Hi, this is my first post here. First I'd like to say I wasn't a sports bettor until a few days ago when I started live testing a model I developed for NBA spreads. I'm primarily a software developer and have been mainly focused on machine learning and statistical analysis. I was browsing kaggle(a community of data scientists and machine learners) and found a rather messy NBA dataset which included moneylines and spreads for some 15k games. I cleaned the dataset up and scraped some more info including player/team advanced stats as well as totals lines. After working on it for a while I developed a binary classifier that works really well in back testing. The output from the classifier is in the form of a list of probabilities like this [0.3, 0.7] as an example. The prediction is the index of the largest number(1 in the example case). The output probabilities aren't very well calibrated. For example, over the validation data(last 2500 games) the brier score was 0.305 and pinnacle's brier score over that same sample(using the implied probabilities) was 0.251. The model's output probabilities aren't very well calibrated but still the higher the probability the higher the accuracy rate but not at a 1:1. The back test results were pretty promising given the difficulty of the task. The accuracy rate over 2500x sample games that I held out for validation data/back testing was ~64%. Here is the "classification report"(sklearn) for the validation data:
I "bin-ed" the output probabilities into 3 bins and then evaluated the accuracy rates of each bin on the validation data. I named them bronze, silver, gold:Code:validation report: precision recall f1-score support 0 0.64 0.67 0.65 1281 1 0.63 0.61 0.62 1219 micro avg 0.64 0.64 0.64 2500 macro avg 0.64 0.64 0.64 2500 weighted avg 0.64 0.64 0.64 2500
Code:total 2500 games in the back test/validation data bronze rating is 55.87% accurate over 1235.0 sample silver rating is 66.20% accurate over 722.0 sample gold rating is 78.82% accurate over 543.0 sample
Now I'm not really sure what the optimal bet sizes to use for each class/bin would be. I've read up on the kelly criterion and found a wealth of academic papers on the subject but from what I've read that is most likely not the best route. For example a fully kelly would say to bet roughly 50% of the bankroll on a pick with a 78% accuracy given the standard 52.38% implied probability(-110) but intuitively that seems like a bad idea.

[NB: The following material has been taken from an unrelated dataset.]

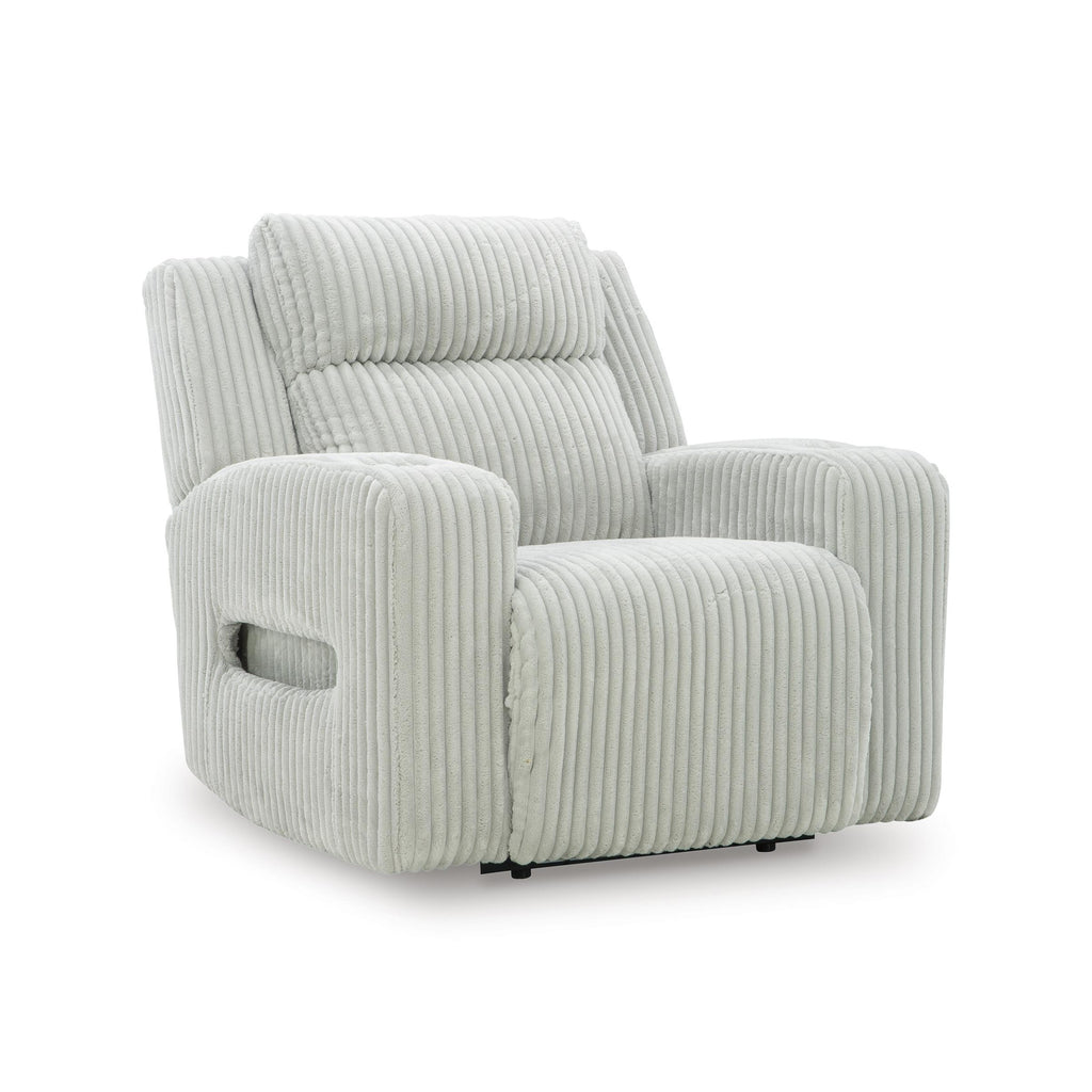 Trend-right style, meet irresistible modern function. Your living room gets a cozy-cool upgrade with this power recliner. Curl up in its ultra-chic corded upholstery and recline with one-touch controls. Is it movie night or game time? With ambient LED lighting, this recliner transforms from a serene relaxation spot to an entertainment hub. USB charging, cup holders and storage cutouts make lounging all the more convenient.

I've thought about using a unit based system where I base a unit on some fixed percentage of the bankroll(typical sports bettors range between 1-5%) and then betting more/less based on the accuracy rate of the output class. For example, 1 unit on bronze, 2.5 on silver and 5 on gold but betting upwards of 25% of the bankroll on any one match seems excessive to me and 5% on an almost 79% chance to win seems overly cautious. Basically I'm trying to minimize risk/volatility while maximizing gain.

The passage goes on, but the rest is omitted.